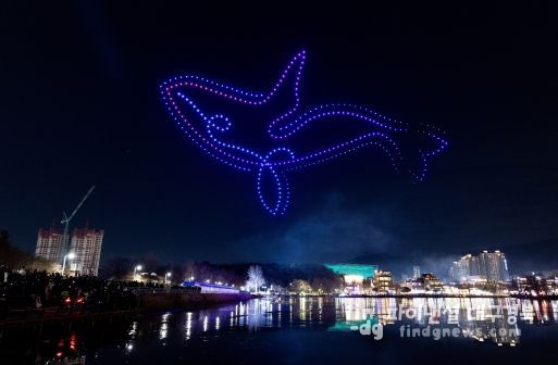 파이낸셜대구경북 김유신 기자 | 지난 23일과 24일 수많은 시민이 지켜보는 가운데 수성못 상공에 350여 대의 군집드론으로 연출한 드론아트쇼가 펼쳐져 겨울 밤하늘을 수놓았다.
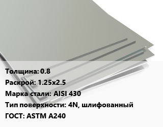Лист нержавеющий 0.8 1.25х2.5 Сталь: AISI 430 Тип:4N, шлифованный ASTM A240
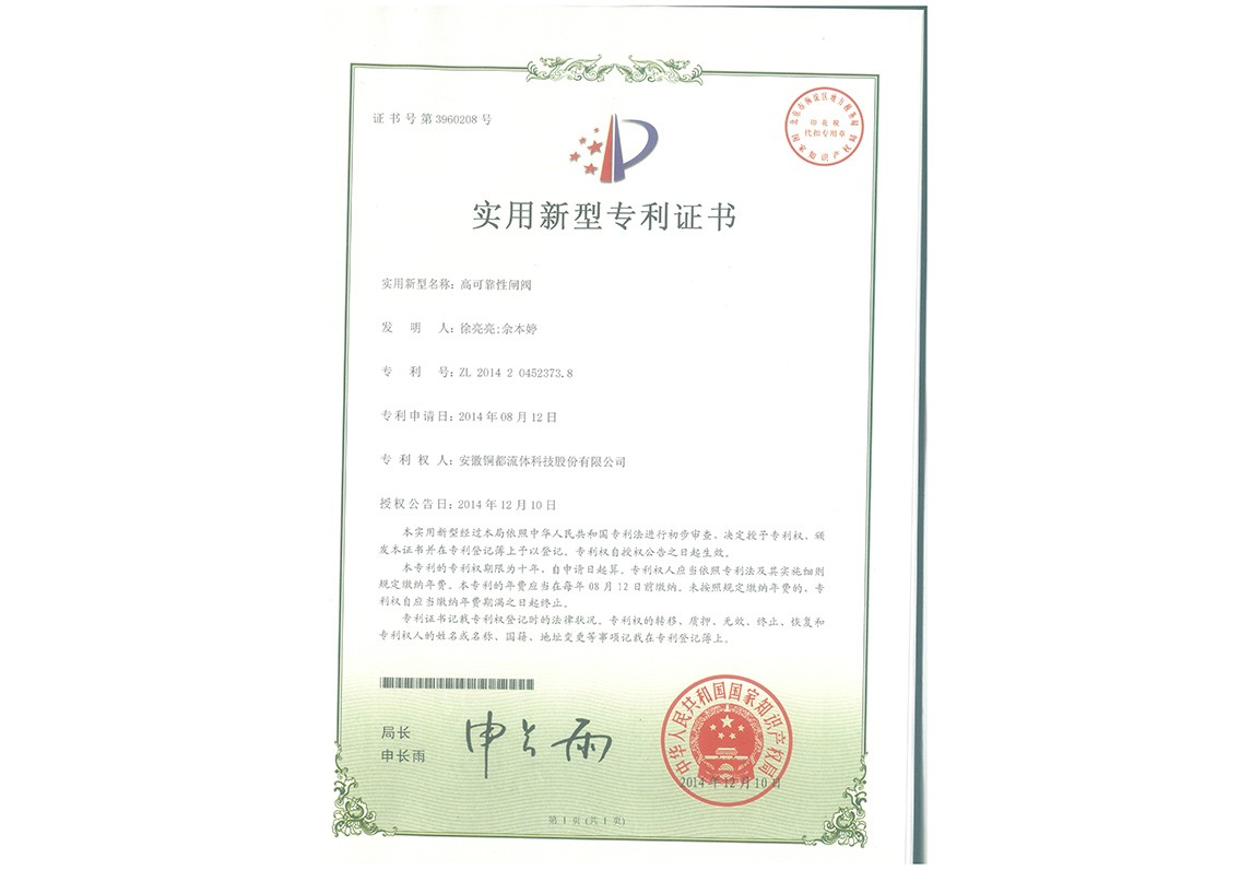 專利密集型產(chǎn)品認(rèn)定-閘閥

What to work on >> Word for word, restate the material above; do not carry over the pictures.

Written solution >>
 파이낸셜대구경북 김유신 기자 | 지난 23일과 24일 수많은 시민이 지켜보는 가운데 수성못 상공에 350여 대의 군집드론으로 연출한 드론아트쇼가 펼쳐져 겨울 밤하늘을 수놓았다.
Лист нержавеющий 0.8 1.25х2.5 Сталь: AISI 430 Тип:4N, шлифованный ASTM A240
 專利密集型產(chǎn)品認(rèn)定-閘閥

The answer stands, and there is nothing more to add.